Friday, July 09, 2010
CUSTOMER SERVICE FEEDBACK SURVEYS
I am often asked, after I contact customer service on some issue, for feedback. It is usually a survey form.
I would love to answer the survey, but usually the form is so badly designed it is impossible to answer fairly, accurately, or correctly. (After starting to answer, it is sad to have to suddenly close the survey form without filing it.)
1- The first problem is that multiple choice questions often do not cover the correct answer, and even the closest choice is not accurate or fair. There should always be an option to answer "other" or "N/A" (not applicable) or, simply "no comment".
2- The second problem is that the issue is often not resolved during the phone call. The agent promises to do something, but whether or not that has resolved the issue is not yet determined when the survey is presented.

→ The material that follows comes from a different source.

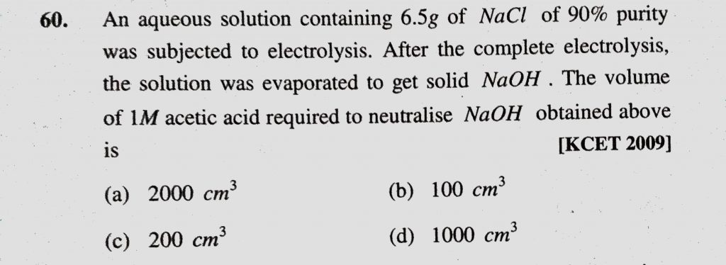 An aqueous solution containing 6.5 g of NaCl of 90% purity was subjected to electrolysis. After the complete electrolysis, the solution was evaporated to get solid NaOH. An aqueous solution containing 6.5 g of NaCl of 90% purity was subjected to electrolysis. After the complete electrolysis the solution was evaporated to get solid NaOH. December 7, 2020 Category: Uncategorised (JEE Advanced Physics by BM Sharma + GMP Solutions) , Facebook Messenger WhatsApp Share this:TwitterFacebook Related

The questions should always allow for a distinction between the response of the agent, and the resolution of the issue.
Indeed, the survey would be a good place to allow the original issue -- and the proposed resolution -- to be re-stated, so that the company can double check the issue has in fact been resolved. A follow-up survey: "Has the issue been resolved" would actually be valuable (to both the company and the customer).
3- In addition, the survey often takes a step beyond what they need to know to ask intrusive questions (age, salary, purchasing habits, location, etc.) That's a simple no-no!